StarlingMurmuration · 11/08/2015 17:58

I was moved to a private room after two days on a hellish joint ward. And I certainly don't think that every mother needs her partner there in case she develops PND, or that there shoud be a blanket policy in place to allow this. ive said this several times. I'm merely pointing out that in some cases, there are genuine medical needs that even the most well staffed and dedicated team can't meet in their entirety. I didn't need a midwife, I needed my DP. It was a genuine medical need, it wasn't me being precious. I think that should be acknowledged.

This is obviously quite an emotive subject for me, and my own personal needs and issues mean that I can't debate it very well, because they are competing with what I rationally agree with, that having every partner on a maternity ward would be truly awful for the vast majority of women. So I'll bow out now.

StarlingMurmuration · 11/08/2015 18:03

One last thing, Lweji - I was under consultant care for antenatal depression but the moment I gave birth, I was removed from her patient list but not placed on anyone else's list.

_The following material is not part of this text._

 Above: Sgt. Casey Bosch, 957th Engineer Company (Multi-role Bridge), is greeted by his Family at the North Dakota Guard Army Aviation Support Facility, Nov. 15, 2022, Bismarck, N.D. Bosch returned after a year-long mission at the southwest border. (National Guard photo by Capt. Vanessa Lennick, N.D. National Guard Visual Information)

I'd forgotten about that. I had an appointment with her in the hospital I gave birth in, three days after I gave birth, which had been scheduled weeks before (DS was early), so I asked the midwives if I should go anyway. Thy said yes, but when I got down to the outpatients ward and they found out I'd already given birth, they told me off and sent me back to the ward. That was pretty shit, wasn't it?

StarlingMurmuration · 11/08/2015 18:08

Betty, but I do think it's minimising MH issues to say anyone who can't cope for a few hours is being "incredibly dramatic". Yes, you coped. I did cope, in that I survived. But some women might not be able to, in which case they should be in a private room with their OH, if that's at all possible.

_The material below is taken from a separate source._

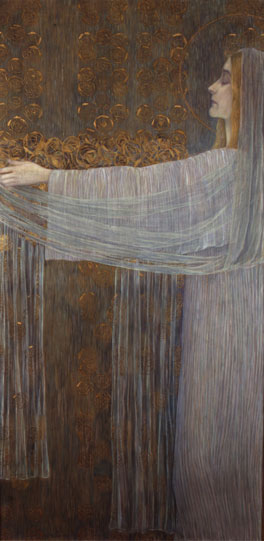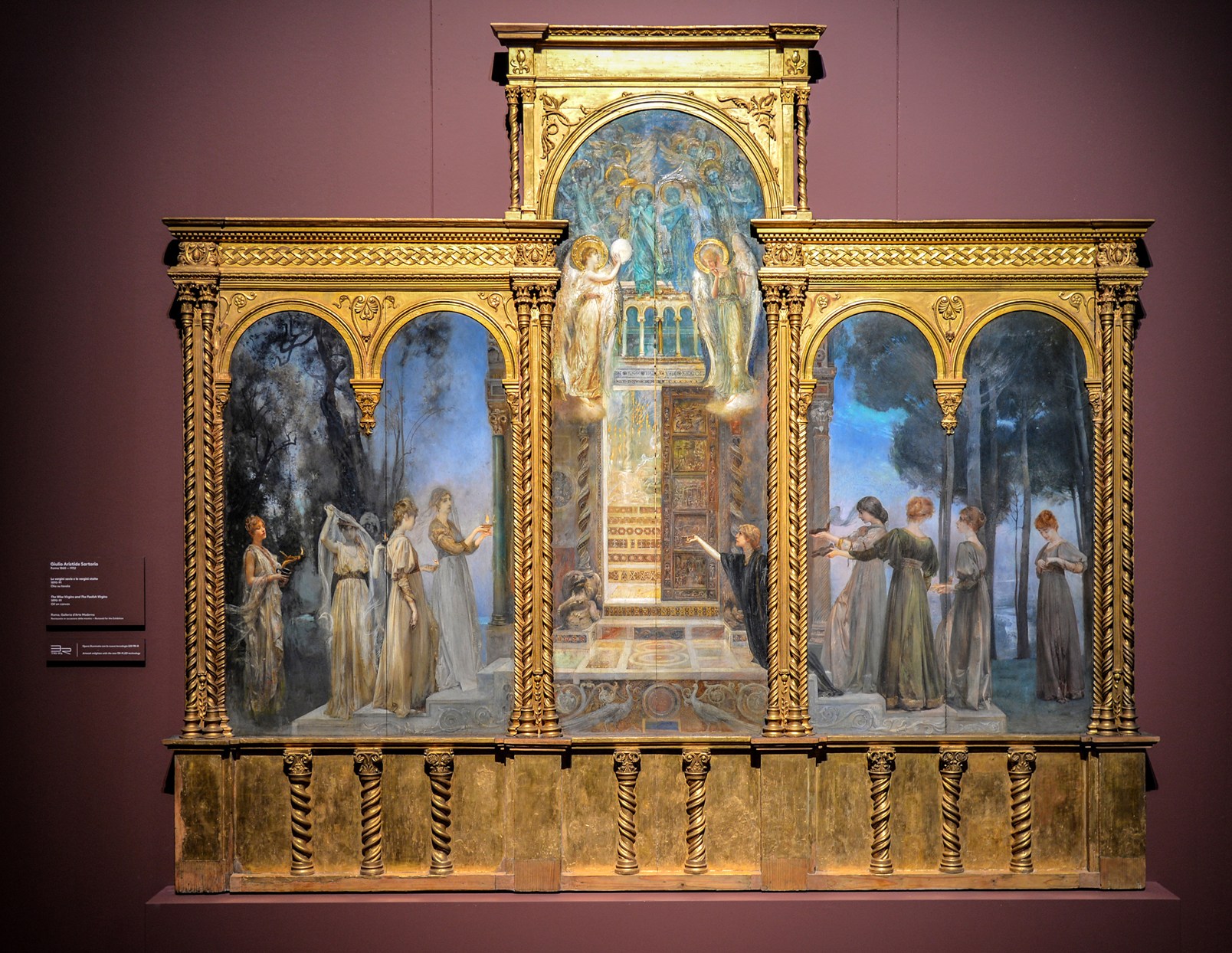 Dopo di che, si passa al tema religioso, non più affrontato attraverso le parabole e le rappresentazioni comuni a tutta la storia dell’arte, ma con una certa attenzione per il misticismo e le storie dell’Antico Testamento. “Le Vergini savie e le Vergini stolte” di Giulio Aristide Sartorio è un meraviglioso trittico in perfetto stile medievale che mostra come soltanto alle spose che hanno tenuto accesa la fiaccola per il loro futuro marito sia aperta la porta verso i piaceri del matrimonio. Accanto vi è “L’offerta (Il miracolo delle rose)” di Wilhelm List, dalla solenne sacralità e dall’aurea bellezza.

HappilyMarriedExpat · 11/08/2015 18:10

Starling - yes, that was totally shit. My DSis had post natal (and prenatal!) psychosis so I speak from some limited experience. It seems to me (and I mean this gently) that you had shit care and that your MH was inadequately managed. I totally "get" why you feel that your husband needed to be there, but the problem is with the shit care and not the absence of your DH. If you had felt adequately supported during your delivery and the horrible aftermath, maybe you would feel more able to cope without DH.

The whole circus seems to be designed to conceal poor care - we shouldn't do that, in the interests of everyone who has or may in future need PP care. If the care is inadequate then it is not the sleeping arrangements that should be changed.